Аксум приподнялась на локте.

— Не может быть!

— Еще как может! У них слишком большие ставки в этой игре, вот что я тебе скажу.

— Расскажи подробно, что ты подслушал.

Инаэро добросовестно пересказал девочке услышанное. Ее уроки не прошли даром.

— «Избавиться… минутное дело…» — пробормотала Аксум. — Кажется, он выразился достаточно ясно, как ты считаешь?

— Да, — твердо ответил Инаэро. — Яснее не скажешь.

Аксум закусила губу, задумалась.

— Аксум, — осторожно начал Инаэро, — я хотел тебе предложить один план… Если просить покровительства у Эйке… Он человек добрый, я уверен, что он тебе не откажет.

— Не откажет? В чем?

— Может быть, он откупит тебя у Ватара?

— Ты понимаешь, дурак, о чем говоришь? Ватар никогда меня не продаст! «Избавиться» — это не продать, это убить! Что-то такое стало мне известно, что не должно дойти до слуха других людей.
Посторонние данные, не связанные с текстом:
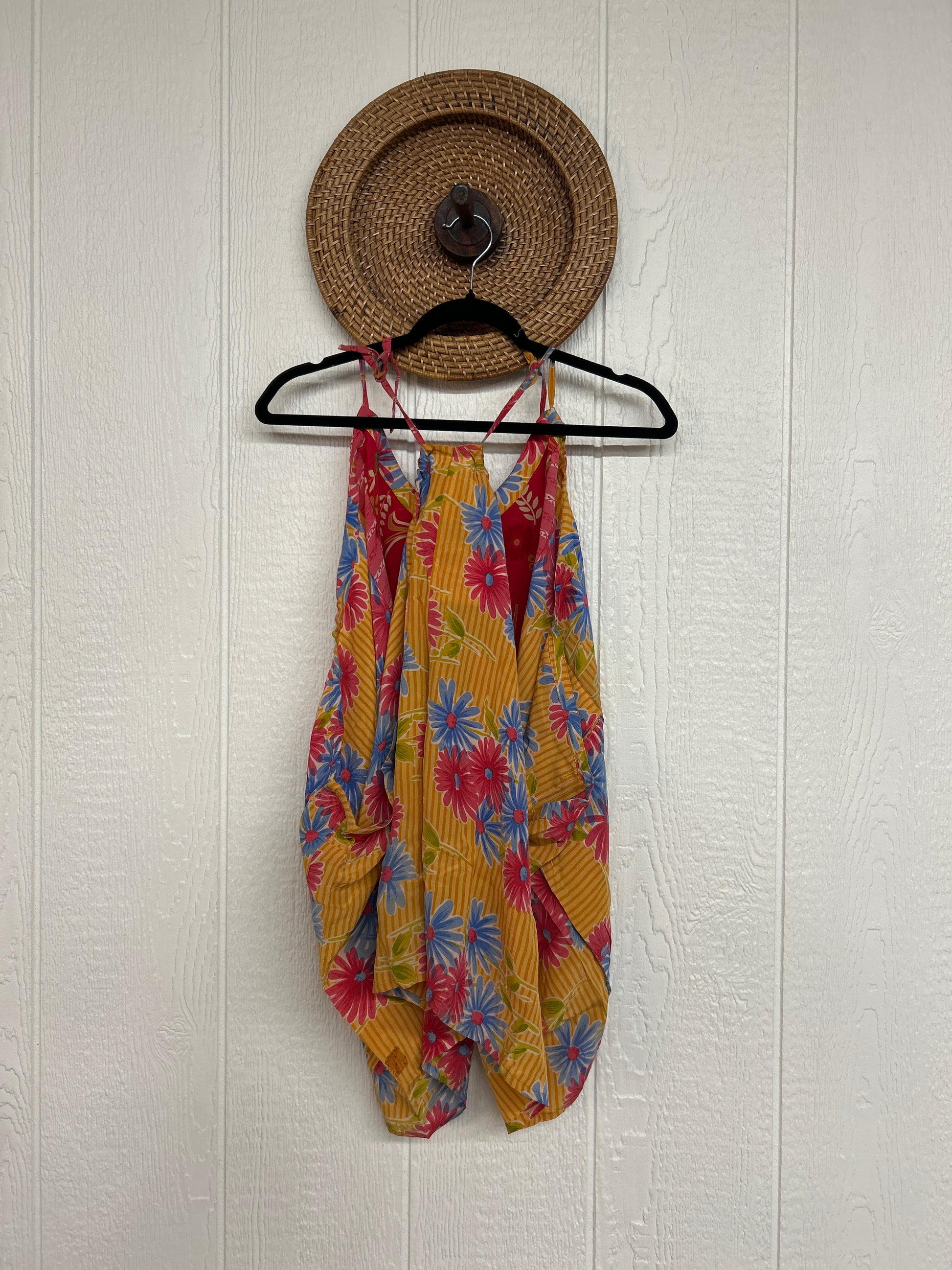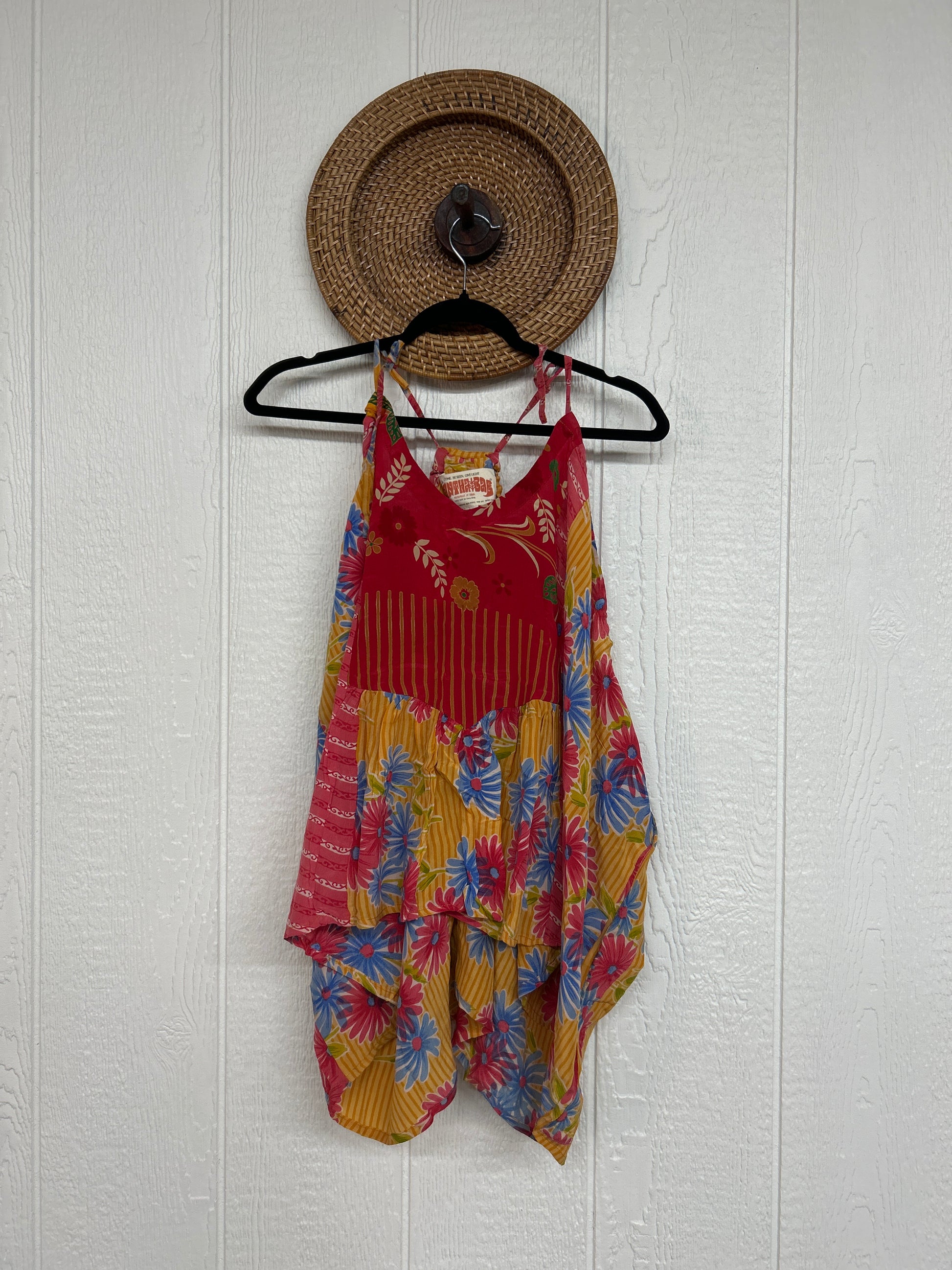 The perfect layering piece made from vintage crepe silk sari. Features tie straps that also cinch for customization.

Рисковать, продавая меня, он не станет.

— Может быть, бежать?

— Схватят.

Наступило молчание. Аксум машинально заплетала и расплетала косу. Наконец Инаэро не выдержал:

— Неужели ты так спокойно дашь себя убить? Аксум медленно покачала головой.

— Насчет этого — даже и не думай. Не для того меня мать рожала, чтобы я вот так запросто сдалась и подставилась под удавку… Это было бы сущей неблагодарностью по отношению к бедной женщине — не находишь?